• _What to produce_: Your task is to copy exactly the lines from the line containing "This U-shaped sofa" through the end of the listing below, with pictures left out.

━━━━━ Supplied data

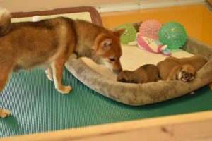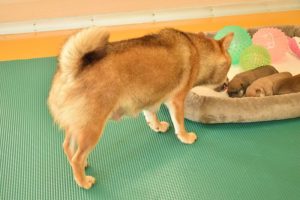 お母さん犬は愛情たっぷりに赤ちゃん犬を育ててくれています(^^)
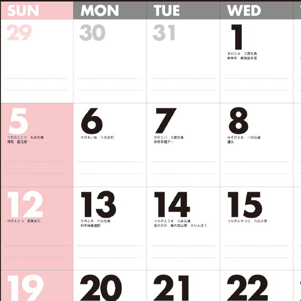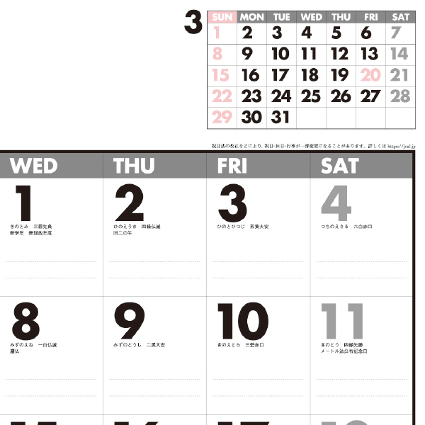 メモを書き込みやすく、実用性抜群のカレンダーです。
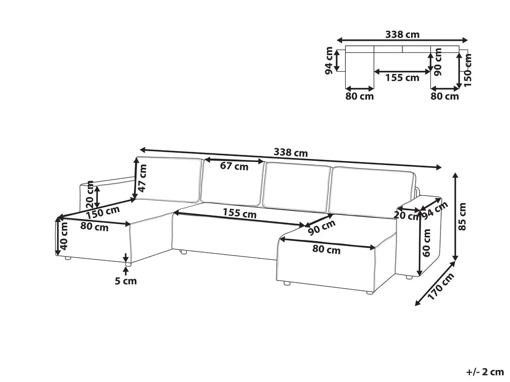 This U-shaped sofa effortlessly blends style and comfort, upholstered in durable, easy-to-clean, and water-repellent fabric. With built-in storage and ample seating for four, it offers both functionality and space to relax. Its sleek, versatile design suits any interior, particularly modern and minimalist styles, making it a smart addition to your home. Plus, it can be easily converted into a bed, adding even more versatility for guests or extra relaxation.
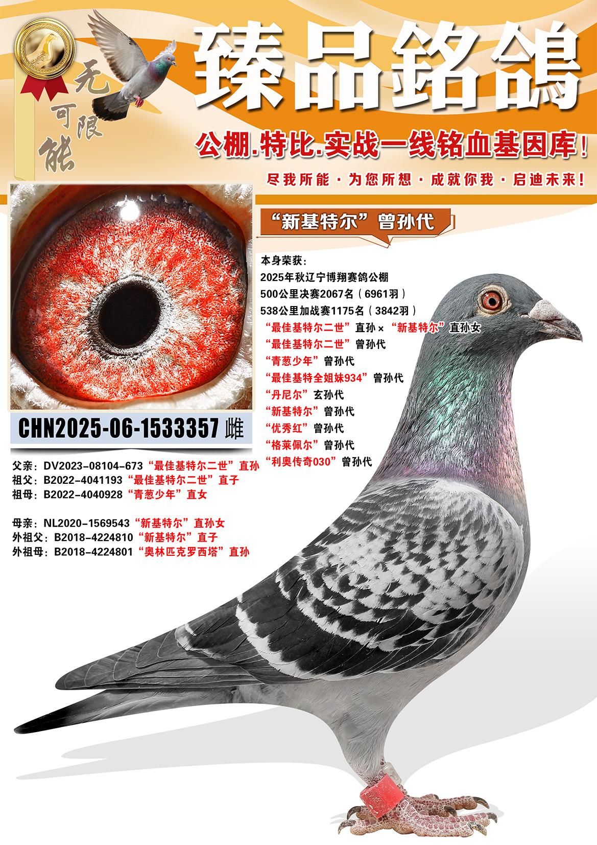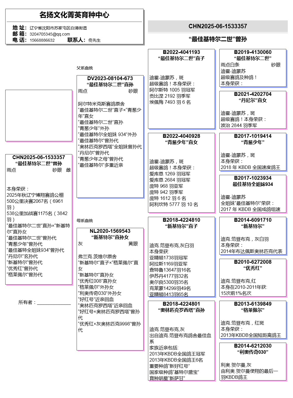 所有拍卖鸽全部血统真实!!个人鉴鸽观点不一,飞不飞天上见.血统成绩第一

━━━━━━━━━━

• _Finished task_:
 This U-shaped sofa effortlessly blends style and comfort, upholstered in durable, easy-to-clean, and water-repellent fabric. With built-in storage and ample seating for four, it offers both functionality and space to relax. Its sleek, versatile design suits any interior, particularly modern and minimalist styles, making it a smart addition to your home. Plus, it can be easily converted into a bed, adding even more versatility for guests or extra relaxation.
 所有拍卖鸽全部血统真实!!个人鉴鸽观点不一,飞不飞天上见.血统成绩第一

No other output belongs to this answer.